3 saatten fazla süren söyleşide onlarca soruya çok faydalı yanıtlar aldık. Son
olarak, bu yanıtlardan dikkatimizi en çok çekenleri (“korkunç gerçekler”
başlığıyla da yazılabilir) sıralayalım:
- Maalesef İstanbul’da kendi bahçenizde organik tarım yapmak, topraktaki ve havadaki ağır metaller yüzünden mümkün değil.
- Marketlerde satılan paket dondurmalardan uzak durmaya çalışın. Dondurma diye yediğimiz şey aslında su, şeker ve gıda boyasının bir karışımı.

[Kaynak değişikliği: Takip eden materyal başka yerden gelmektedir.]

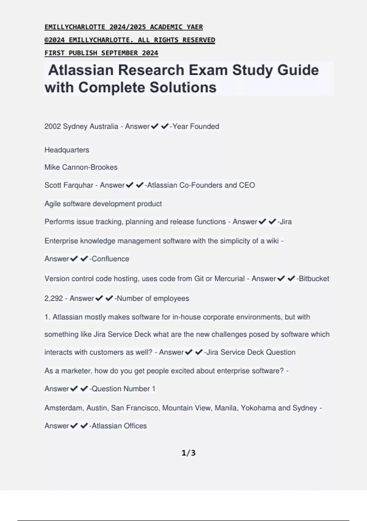 Atlassian Research Exam Study Guide with Complete Solutions 2002 Sydney Australia - Answer-Year Founded Headquarters Mike Cannon-Brookes Scott Farquhar - Answer-Atlassian Co-Founders and CEO Agile software development product Performs issue tracking, planning and release functions - Answer-Jira Enterprise knowledge management software with the simplicity of a wiki - Answer-Confluence Version control code hosting, uses code from Git or Mercurial - Answer-Bitbucket 2,292 - Answer-Number of employees 1. Atlassian mostly makes software for in-house corporate environments, but with something like Jira Service Deck what are the new challenges posed by software which interacts with customers as well? - Answer-Jira Service Deck Question As a marketer, how do you get people excited about enterprise software? - Answer-Question Number 1 Amsterdam, Austin, San Francisco, Mountain View, Manila, Yokohama and Sydney - Answer-Atlassian Offices
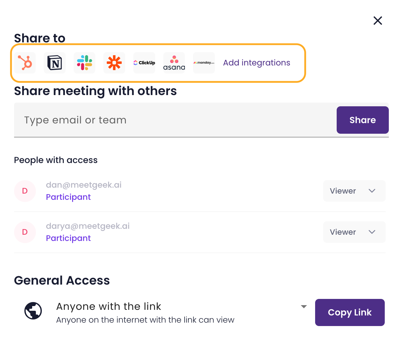 To do this, go to the meeting page of that particular meeting and navigate to the “Highlights” section. From there, select all or specific highlights and click "Share highlights".
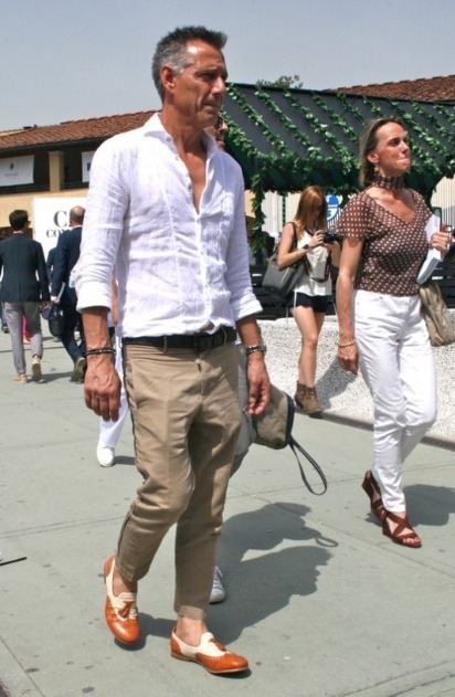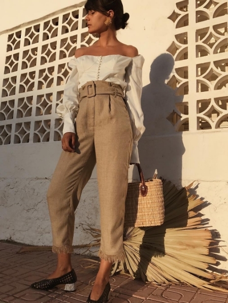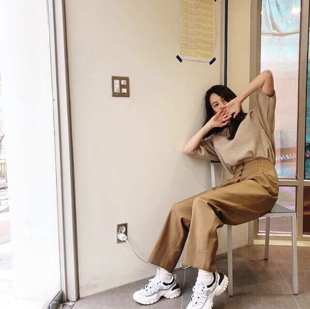 깔끔한 베이지색 팬츠 스타일링이네요.
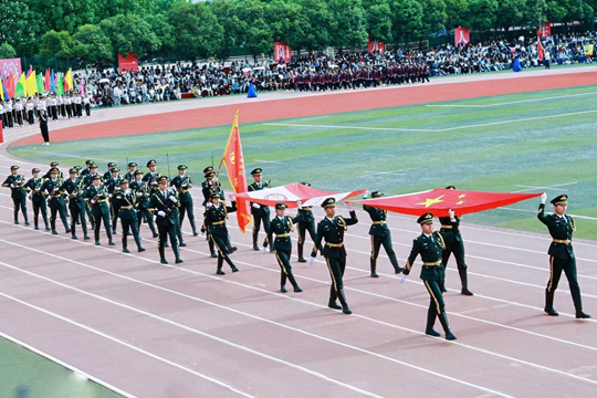 智能科学与工程学院学子执旗为剑,以钢铁之躯演绎精忠报国,红旗漫卷似燃烧的二进制烈焰。
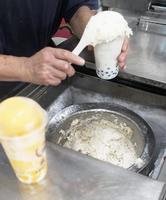 先来杯超级芒果爽。以老制冰机制成的芒果绵绵冰,吃得到芒果纤维,加入些许炼乳、牛奶与芒果果粒,整杯味道非常芒果。这次吃到的芒果果粒纤维较粗且偏酸,但整体依然甜度适中,有满满的芒果香气。
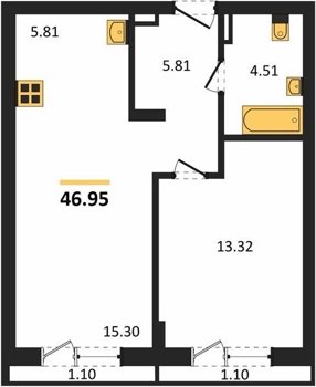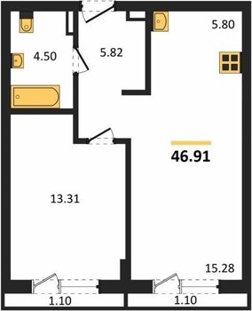 Площадь от 45.5 м2
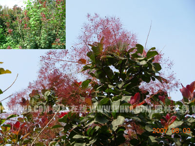 景觀評價:金枝槐的枝和葉在春秋兩季呈金黃色,夏季則轉變為淺黃色,冬季金黃色的枝條獨成一景。在景觀配置上即可作主要樹種又可作混交樹種,適用于孤植、叢植、群植等各種方式的種植效果,是不可多得的彩葉植物之一。 適應性評價:該品種繼承了國槐作為北方鄉土樹種的很多特性,具有較強的抗旱能力和抗寒性,病蟲害較少,管理成本低。 6、美國紅櫨:
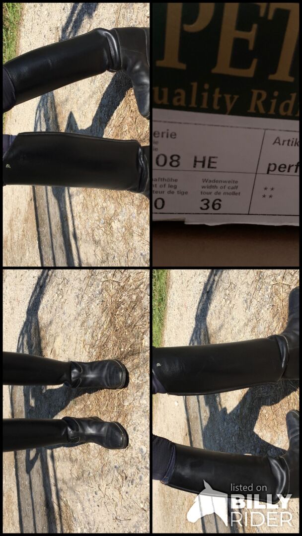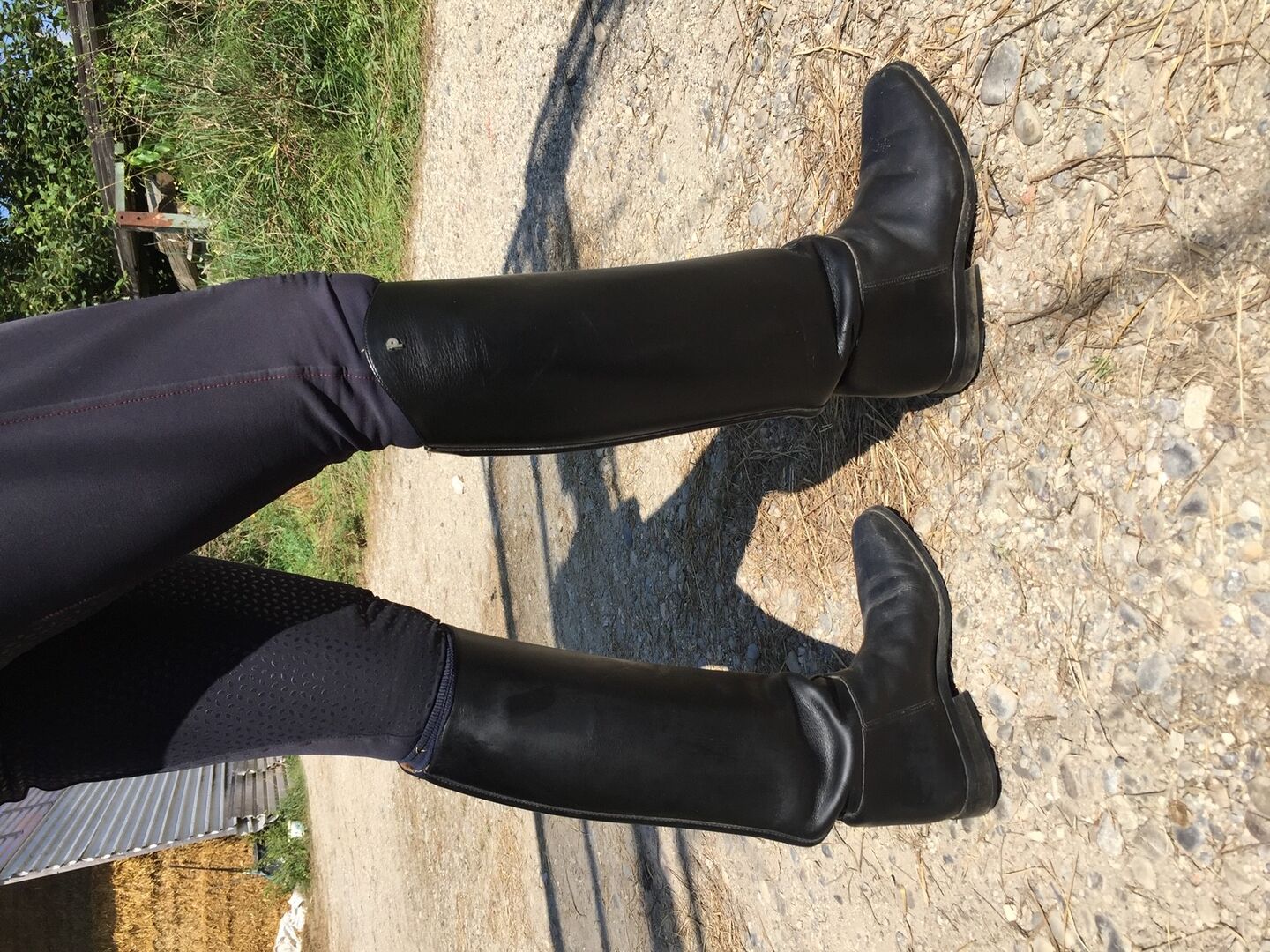 Petri doskonałe skórzane buty do jazdy konnej rozmiar 7 - 38 - Sprzedaję moje skórzane buty jeździeckie Petri perfect w rozmiarze 38. Wysokość trzonu wynosi 50, a szerokość łydki 36. Buty są już założone, ale w dobrym stanie.

- Çiftlik balığı değil deniz balığı tüketmeye çalışın.
- Kuruyemiş alırken bilindik, isim yapmış markaları tercih edin. Mahallenizdeki çerezcinin deposunun hangi koşullarda olduğunu asla bilemezsiniz.
- Zamanında bile olsa çilekten uzak durun, çünkü bünyesinde en çok hormon barındıran gıdalardan biri.
- “Himalaya tuzu”, “Maydanoz balı” gibi ürünlere hemen atlamayın. Çoğu pazarlamayla fiyatı şişirilen ürünlerden başka birşey değil.
- Dana eti yerine kuzu tercih edin; kuzu yapısı itibariyle hormonla şişemeyen bir hayvan, aksine 4 aylık bir danaya hormon yükleyerek 1.5 tona çıkarmak mümkün.
- Garip bir durumla karşılaştığınızda Alo 174 Gıda Hattı’nı arayın.
- Yapımı basit olduğu için yoğurdunuzu evde yapmaya çalışın. Günlük sütler, yoğurt yapımı için gayet uygun.
- Evinize damacana su alıyorsanız sipariş verirken damacananın yeni tarihli olmasını talep edin. Uzun süre kullanılan damacanalar bünyesinde kimyasal maddeler üretiyor.
BuGusto'yu kırmayıp Nazilli'den kalkıp gelen Pınar Kaftancıoğlu'na bir kez daha teşekkür ediyoruz.